# Task directions:
Repeat the data that follows exactly, starting at the line with "I paesaggi lirici" and ending at the line with "随后的几日研学中,同学们在西", and leave out every picture.
(Beginning of Data section)
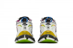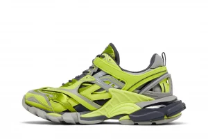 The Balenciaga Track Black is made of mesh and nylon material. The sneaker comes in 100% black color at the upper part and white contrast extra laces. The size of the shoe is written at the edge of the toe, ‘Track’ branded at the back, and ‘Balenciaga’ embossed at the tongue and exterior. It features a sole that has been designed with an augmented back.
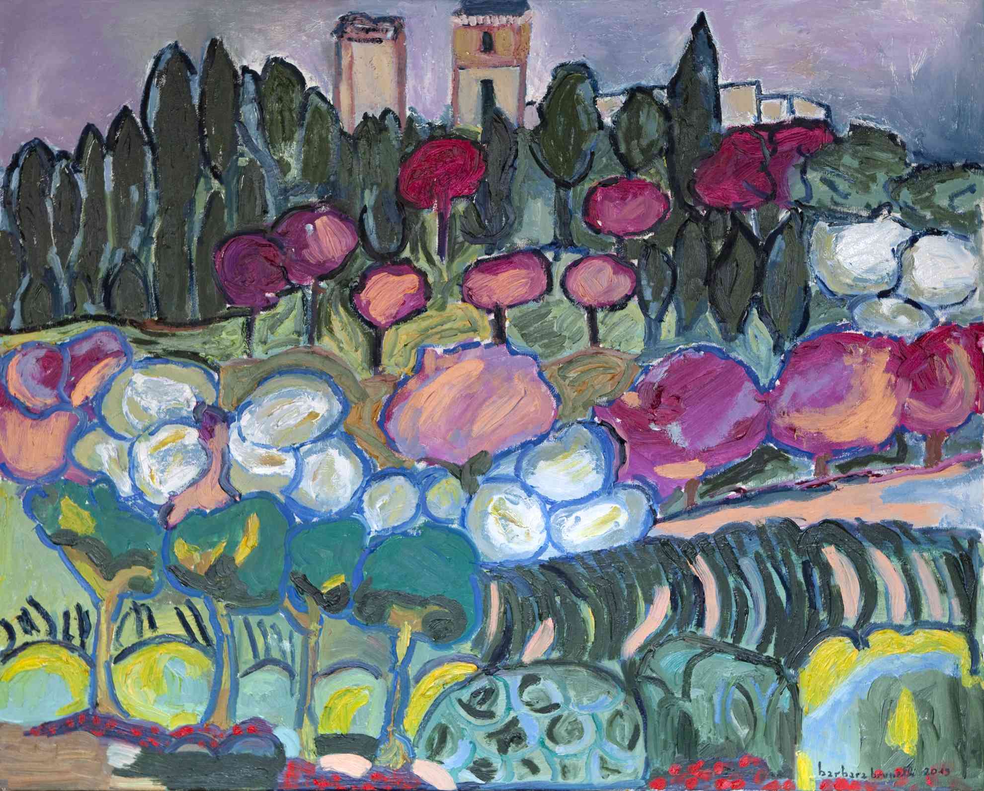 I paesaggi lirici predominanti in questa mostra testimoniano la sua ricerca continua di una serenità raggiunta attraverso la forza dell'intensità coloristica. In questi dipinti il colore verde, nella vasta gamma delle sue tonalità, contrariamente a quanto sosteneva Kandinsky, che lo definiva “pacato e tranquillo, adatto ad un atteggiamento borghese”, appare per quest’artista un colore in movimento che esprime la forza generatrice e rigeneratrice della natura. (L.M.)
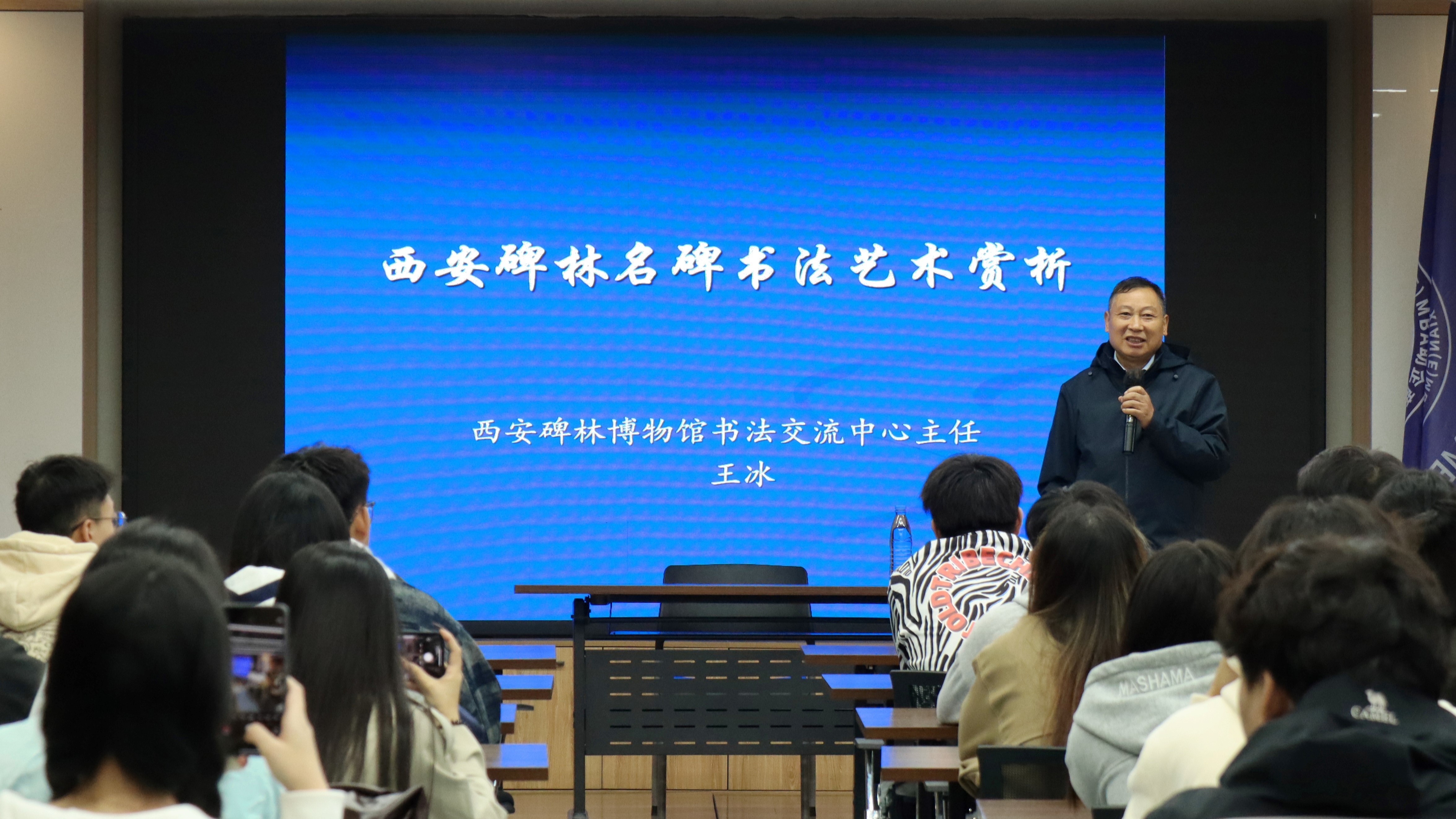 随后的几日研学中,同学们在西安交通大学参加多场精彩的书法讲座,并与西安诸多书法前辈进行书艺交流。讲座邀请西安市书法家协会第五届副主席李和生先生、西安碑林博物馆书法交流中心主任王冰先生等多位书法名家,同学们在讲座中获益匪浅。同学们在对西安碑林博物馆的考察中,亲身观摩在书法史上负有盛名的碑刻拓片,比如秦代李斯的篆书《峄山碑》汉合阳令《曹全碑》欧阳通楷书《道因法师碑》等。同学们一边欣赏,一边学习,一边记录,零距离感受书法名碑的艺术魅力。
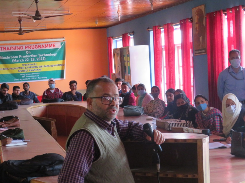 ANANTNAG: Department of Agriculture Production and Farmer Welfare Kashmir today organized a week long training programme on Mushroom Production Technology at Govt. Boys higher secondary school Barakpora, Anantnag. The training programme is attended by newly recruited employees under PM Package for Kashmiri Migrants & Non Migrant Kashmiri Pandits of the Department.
(End of Data section)
# Solution to the exercise:
 I paesaggi lirici predominanti in questa mostra testimoniano la sua ricerca continua di una serenità raggiunta attraverso la forza dell'intensità coloristica. In questi dipinti il colore verde, nella vasta gamma delle sue tonalità, contrariamente a quanto sosteneva Kandinsky, che lo definiva “pacato e tranquillo, adatto ad un atteggiamento borghese”, appare per quest’artista un colore in movimento che esprime la forza generatrice e rigeneratrice della natura. (L.M.)
 随后的几日研学中,同学们在西安交通大学参加多场精彩的书法讲座,并与西安诸多书法前辈进行书艺交流。讲座邀请西安市书法家协会第五届副主席李和生先生、西安碑林博物馆书法交流中心主任王冰先生等多位书法名家,同学们在讲座中获益匪浅。同学们在对西安碑林博物馆的考察中,亲身观摩在书法史上负有盛名的碑刻拓片,比如秦代李斯的篆书《峄山碑》汉合阳令《曹全碑》欧阳通楷书《道因法师碑》等。同学们一边欣赏,一边学习,一边记录,零距离感受书法名碑的艺术魅力。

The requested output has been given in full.